Ekaj is a 2015 American independent drama film written and directed by Cati Gonzalez, starring Jake Mestre, Badd Idea, and Scooter LaForge. The film made its New York City premiere at the 5th Annual International Puerto Rican Heritage Film Festival.

Gonzalez intended for Ekaj to be a work in the vein of Midnight Cowboy, but with a focus on New York's Puerto Rican drifters. The film screened at several Film Festivals which include, LesGaiCineMad, Palm Beach International Film Festival, Q Fest St. Louis / St. Louis International Film Festival, QCinema Fort Worth, Downtown Urban Arts Festival, NewFilmmakers NY, SF Latino Film Festival Cine+Mas, International Film Festival, Idyllwild International Festival of Cinema, Macabre Faire Film Festival, Human Rights Film Festival Barcelona and other festivals worldwide.

Plot 
Ekaj is a naïve runaway teen who tries to survive in New York City. He meets "Mecca" (Badd Idea), a cynical artist and hustler who takes Ekaj under his care. Mecca stays at his cousins place and we get glimpses of the fact that he has AIDS, since he has tattoos with the word written on his body. He drinks all day but still manages to be sane and sharp. He's also an opportunistic thief. Ekaj decides to go into prostitution out of desperation. Mecca becomes ill, as his medication does not really seem to be working for him. At the same time we see Ekaj becoming stronger and less vulnerable. He ends up falling in love with a painter named "Johnny" (Scooter LaForge) who has no tolerance and is constantly beating him. Johnny seems indifferent and cold towards Ekaj's desperate love and obsession for him. With no place to really sleep, Ekaj stays during the day with Mecca at his cousin's place, at Johnny's place, or at times staying in hotel rooms paid by coins (clients). Their relationship develops into true love and care for each other.

Cast 

 Jake Mestre
 Badd Idea
 Scooter LaForge
 Vinny Cruz 
 Mario Piantini
 Carlos Anaya 
 Prince Franco 
 Joey Lopez
 Johnny King
 Maximilian France  
 William Lynn
 Nita Aviance
 Clifton Brown Jr. 
 Gage of the Boone
 Rashid Henderson  
 Superok Gachineiro
 Giovanie Paz

Reception 
The film had a very successful Film Festival run in the year 2016. It won its first award for "Best Film" at the 2016 NY Downtown Urban Arts Festival in Tribeca, New York City, where it was well received by a sold-out audience.
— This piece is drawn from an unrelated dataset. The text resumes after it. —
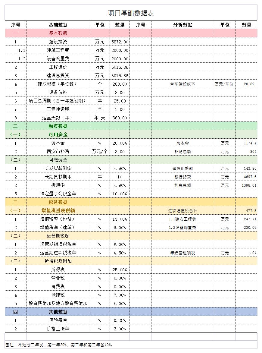 停车场项目财务分析excel测算,带公式,可视化。(现金流,回收期,IRR,NPV)

Ekaj ended up becoming a hit at festivals and continued to screen worldwide from the years 2017, 2018 until early January 2019 when it had its most recent screening at the Dona i Cinema (Women in Film) Festival in Valencia, Spain. The overall response to the film since being released online via Video on Demand by distributor Indie Rights has been largely positive.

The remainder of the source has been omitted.